How are online education companies managing through turbulent times?

Towards the end of 2022 I wrote a post about the turbulence being experienced by online education companies that partner with universities. This was on the back of a raft of negative company announcements about their performance and financial health.

There’s been a number of changes since then and there’s still plenty of dark clouds looming. What we’re seeing is a more prolonged shake-out of some of these companies.

So it’s an interesting juncture to reflect on what’s unfolded over the most recent period of turbulence. It’s also worth considering what turbulence-driven changes might mean for the way online education companies operate in the future and what we might be left with.

So where were we up to?

Since my last post that covered the serious concerns that came to light over FutureLearn’s liquidity, there’s been a lot of change.

FutureLearn was put up for sale and then in November 2022 was acquired by Global University Systems (GUS). Prior to that a significant number of staff had left and following the acquisition the most recent version of their leadership team have moved on, including CEO Andy Hancock.

Inevitably, FutureLearn is now beginning to look quite different to the company launched by the Open University in the early years of MOOC hype, and that evolved through to the beginning of the 2020s.

It is fair to say that there has been a little bit of disquiet in the UK about their acquisition. Issues that came to light at some of GUS’ providers in the previous years play into a widely held narrative, assumption or worry about quality when it comes to private involvement in higher education.

Alongside this, concerns about potential conflicts of interest between a company that owns universities and is now running a company built upon partnerships with other universities have been mentioned.

However, in the midst of those concerns - it’s worth remembering why we’re here. FutureLearn has never been a profitable online education company and was very quickly running out of money.

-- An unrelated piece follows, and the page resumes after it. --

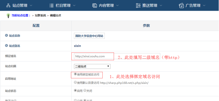 三、網站后臺將二級域名綁定
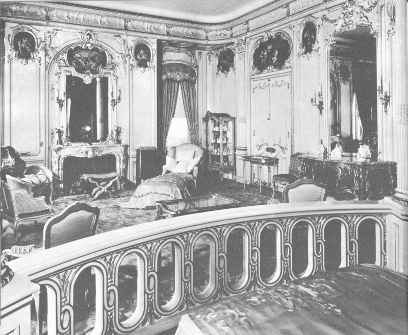 In this room, as in the Gold Room downstairs, there was an attempt at accurate reproduction. This room, designed by Ogden Codman, is a reproduction of a French queen’s bedroom of the Louis XV period. The bed is surrounded by a rail. (In French practice, courtiers gathered around the rail for morning levees.) The wall at the head of the bed is covered with hand-embroidered silk. Other walls are wood paneled and inset with French paintings. The heavily napped rug was made especially for this room; it weighs 2,300 pounds. Furniture is French 18th-century. Created by Paul Sormani, it is modeled on Louis XV period pieces. A curio case in front of the bedrail contains French fans and inside the rail is a prayer table and kneeling cushion.

Whether GUS can change that only time will tell, but they do have experience in the business of online education. Whether that’s through a profitable OPM business in InteractivePro or through their universities that have significant numbers of online courses & students such as the University of Law.

They face a challenge shared by many others in the tech sector which is to find a route to profitability, and we’ve already begun to see some changes to try to achieve that.

These include increasing their subscription pricing which draws it much closer to Coursera’s equivalent subscription - Coursera Plus. Changing short course access, by essentially creating a paywall on short course self-pacing. So, short course content is now released week-by-week, and any learners looking to access all weeks from the outset and study at a quicker pace will need to pay to upgrade.

There’s been a few noticeable changes in respect to online degrees and B2B activity. A number of online degrees from Brunel University, who are partnered with GUS’s OPM business InteractivePro now feature on the platform, and FutureLearn for Business features much more prominently on the website.

It’s early days yet, but we’re starting to see small changes in the consumer, enterprise and degrees segments (to use Coursera’s terminology) of FutureLearn’s business.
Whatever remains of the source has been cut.